Sul fronte dell’identità digitale, il Governo ha annunciato di puntare a un sistema unico basato sulla Carta d’Identità Elettronica (CIE). Si è parlato di un passaggio a un modello «più moderno, sicuro e riconosciuto a livello europeo». In concreto, quali saranno i principali vantaggi per i cittadini e per le Pubbliche Amministrazioni di questa transizione da SPID alla CIE in termini di sicurezza, interoperabilità e facilità d’accesso ai servizi digitali?

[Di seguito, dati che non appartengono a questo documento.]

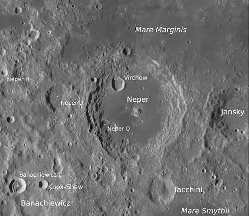 На северо-востоке от кратера находится Море Краевое, на юго-востоке — Море Смита. Ближайшими соседями кратера являются кратер Вильдт на северо-западе; кратер Непер на северо-востоке; кратер Такини на востоке; кратер Шуберт на юге. В чаше кратера расположен кратер Нокс-Шоу[1]. Селенографические координаты центра кратера — 5°17′ с. ш. 80°01′ в. д. / 5,28° с. ш. 80,01° в. д., диаметр — 100 км[2], глубина — 1,68 км[3].

Il Governo ha intrapreso un percorso deciso verso l’adozione di un’unica identità digitale basata sulla Carta d’Identità Elettronica. Spid è stato uno strumento utile, ma oggi comincia a mostrare delle vulnerabilità. La CIE è gratuita, più sicura, ed è una credenziale rilasciata direttamente dallo Stato, quindi più affidabile anche in termini di garanzia pubblica. Inoltre, al contrario di Spid, coniuga l’usabilità fisica con quella digitale. L’obiettivo è semplificare l’accesso ai servizi digitali per cittadini e imprese, offrendo un’unica identità forte, interoperabile, integrabile nei nuovi sistemi europei. Per accompagnare questa transizione, il Governo ha stanziato 40 milioni di euro a supporto degli identity provider di SPID e rinnoverà le convenzioni per altri due anni. Questo passaggio rappresenta anche un’opportunità per rafforzare la fiducia dei cittadini nei confronti della digitalizzazione, evitando il rischio di disorientamento dovuto alla frammentazione degli strumenti. I cittadini stanno apprezzando CIE, lo dimostrano i dati: 51 milioni di carte emesse e le attivazioni dell’app CieID passate da 5.3 a 7.3 milioni in meno di un anno.

La digitalizzazione dell’identità è un tema di interesse strategico anche a livello europeo: l’Italia partecipa attivamente alla definizione del nuovo regolamento eIDAS e ai progetti pilota dell’UE sull’identità digitale. Quale contributo sta offrendo il nostro Paese in questi processi e in che modo il sistema basato sulla CIE si integra con gli strumenti digitali di identità promossi a livello europeo?

L’Italia è protagonista nella definizione della nuova identità digitale europea. Siamo tra i Paesi pilota del progetto EUDI Wallet, che consentirà ai cittadini di avere sul proprio dispositivo un’identità digitale completa, sicura e riconosciuta in tutta l’Unione. Il nostro contributo si concretizza attraverso l’It-Wallet, che sarà disponibile dal gennaio 2025 e che integrerà al suo interno carta d’identità, patente, tessera sanitaria e altri documenti essenziali. È uno strumento che permetterà di accedere ai servizi pubblici e privati in modo semplice e sicuro, nel pieno rispetto delle normative eIDAS. Inoltre, grazie alla piattaforma AppIO, tra le più avanzate in Europa, potremo offrire una user experience unificata, già in linea con gli standard europei. L’Italia si presenta dunque non solo come beneficiaria di queste innovazioni, ma come Paese guida nella loro implementazione. Crediamo in un’identità digitale europea interoperabile, sovrana e in grado di rafforzare la fiducia dei cittadini nella trasformazione digitale.